Dhillon S S, Watanakunakorn C
Department of Internal Medicine, St. Elizabeth Health Center, Youngstown, OH 44501-1790, USA.
Clin Infect Dis. 2000 Mar;30(3):572-5. doi: 10.1086/313726.
An 81-year-old woman who presented with middle lobe bronchiectasis and Mycobacterium avium complex infection is described. She had a history of habitual suppression of cough, as in Lady Windermere syndrome. She was thin and had mild kyphoscoliosis but had no history of smoking or connective tissue disease.

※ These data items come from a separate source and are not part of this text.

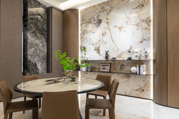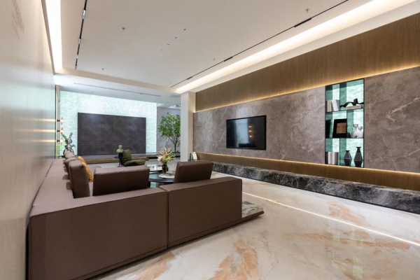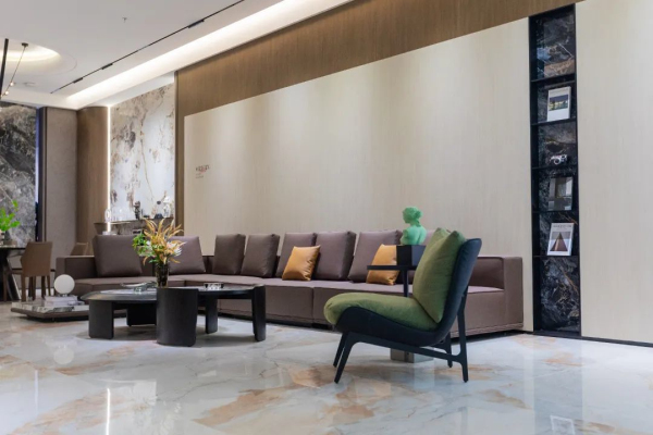 強(qiáng)輝大師館采用開放式設(shè)計(jì),各個(gè)展區(qū)之間相互連通,緊密聯(lián)系,建筑體塊與軟裝飾品創(chuàng)意交融,豐富的原石紋理給樣板上樣提供了多種可能。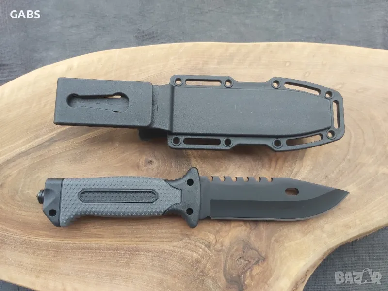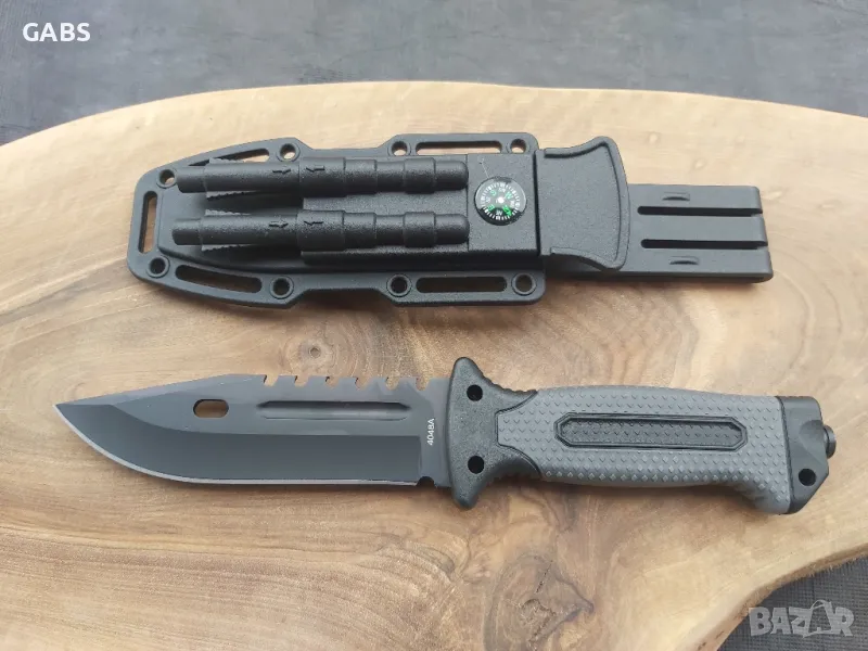 нож от висококачествена неръждаема стомана 440С със здраво и надеждно острие.Ножът е снабден със сигурен кобур със закачалка за колан.На кобура има поставен компас,както и запалка със свирка и точило за заточване на ножа.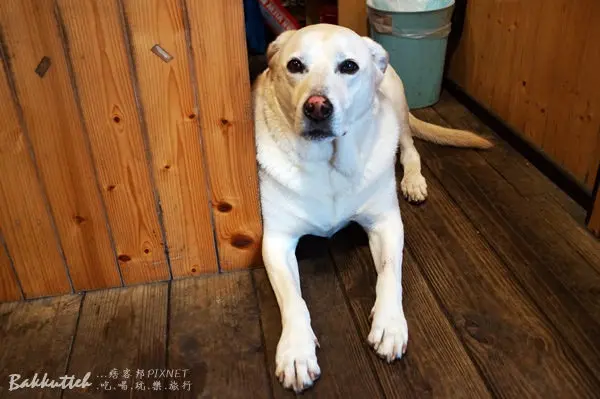 最喜歡好雞婆土雞城的店狗二姊,吃飽後到櫃檯結帳忍不住摸摸他
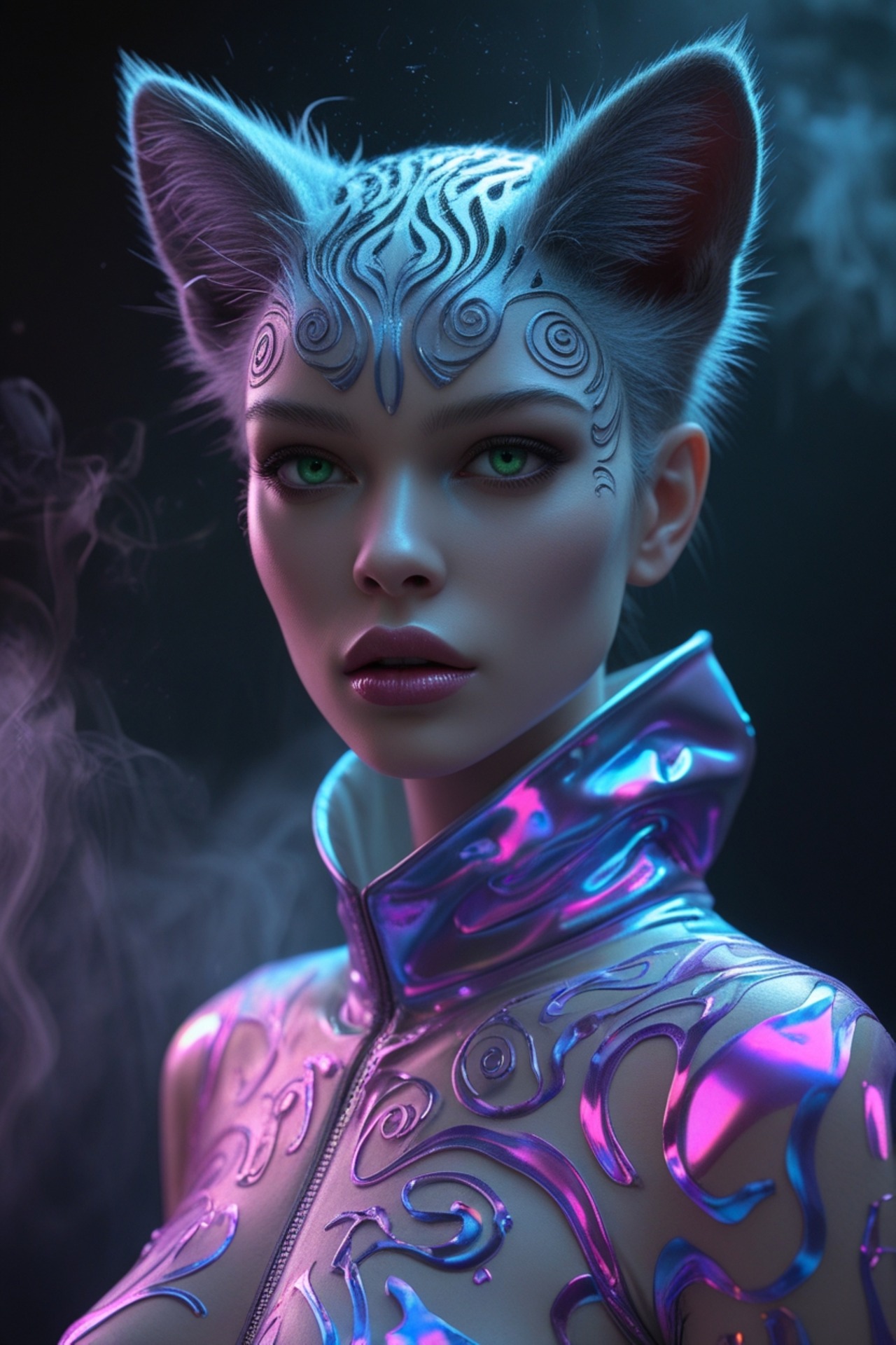 Sci-fi cat art、未来都市の雰囲気を演出。

The middle lobe and lingula are predisposed to chronic inflammation because of their particular anatomic structures. Inability to clear the secretions from the airway due to voluntary cough suppression may predispose to bronchiectasis and M. avium complex infection.
本文描述了一位81岁患有中叶支气管扩张和鸟分枝杆菌复合群感染的女性患者。她有习惯性抑制咳嗽的病史,如同温德米尔夫人综合征。她体型消瘦,有轻度脊柱后凸,但无吸烟史或结缔组织病病史。中叶和舌叶因其特殊的解剖结构易发生慢性炎症。由于主动抑制咳嗽而无法清除气道分泌物可能易导致支气管扩张和鸟分枝杆菌复合群感染。